__COLLECTED DATA__
────────────────────────────────────────

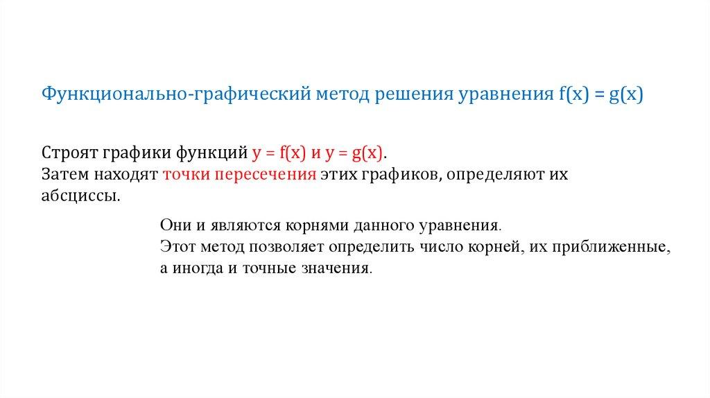 Функционально-графический метод решения уравнения f(х) = g(х)Cтроят графики функций у = f(х) и у = g(х).
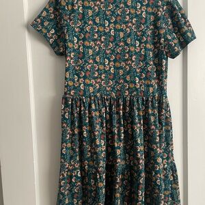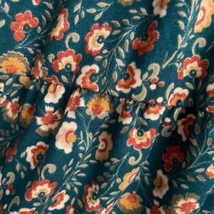 Charming dress featuring a delightful floral pattern. The green and orange colors make it perfect for any occasion. Comfortable and stylish for you or your little one
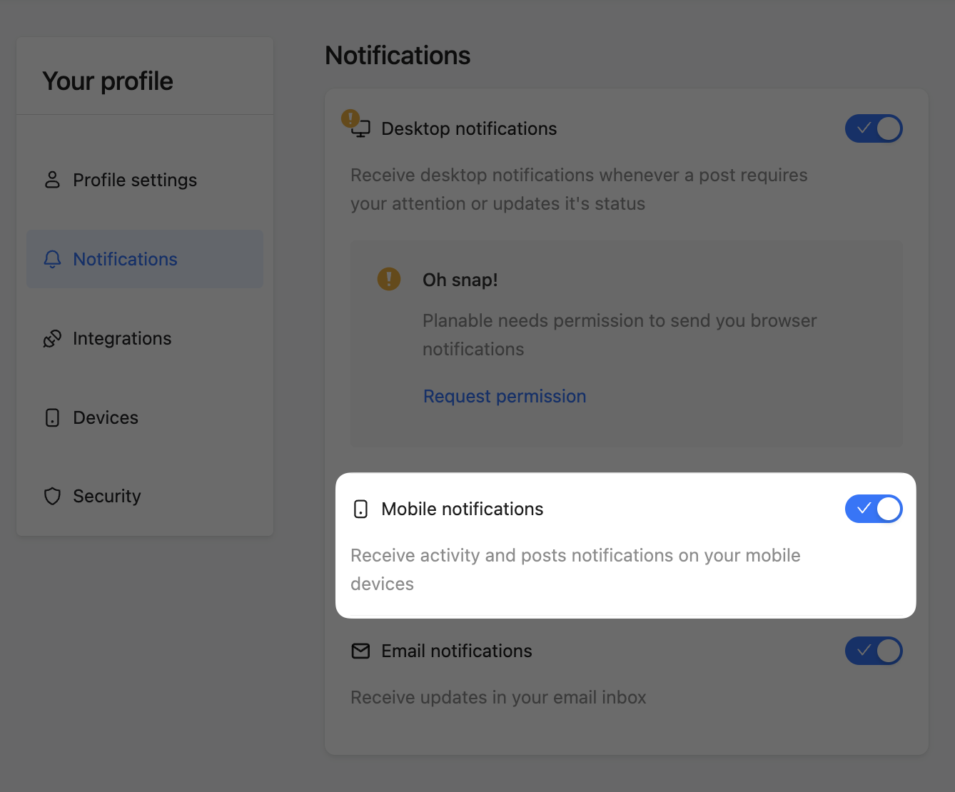 Planable helps you stay on top of everything with customizable notifications. Whether you prefer updates on your desktop, mobile, or email, you’ll always be in the loop.

────────────────────────────────────────

__WHAT IS EXPECTED__
With the pictures omitted, the material is to be transcribed exactly.

__RESPONSE__
 Функционально-графический метод решения уравнения f(х) = g(х)Cтроят графики функций у = f(х) и у = g(х).
 Charming dress featuring a delightful floral pattern. The green and orange colors make it perfect for any occasion. Comfortable and stylish for you or your little one
 Planable helps you stay on top of everything with customizable notifications. Whether you prefer updates on your desktop, mobile, or email, you’ll always be in the loop.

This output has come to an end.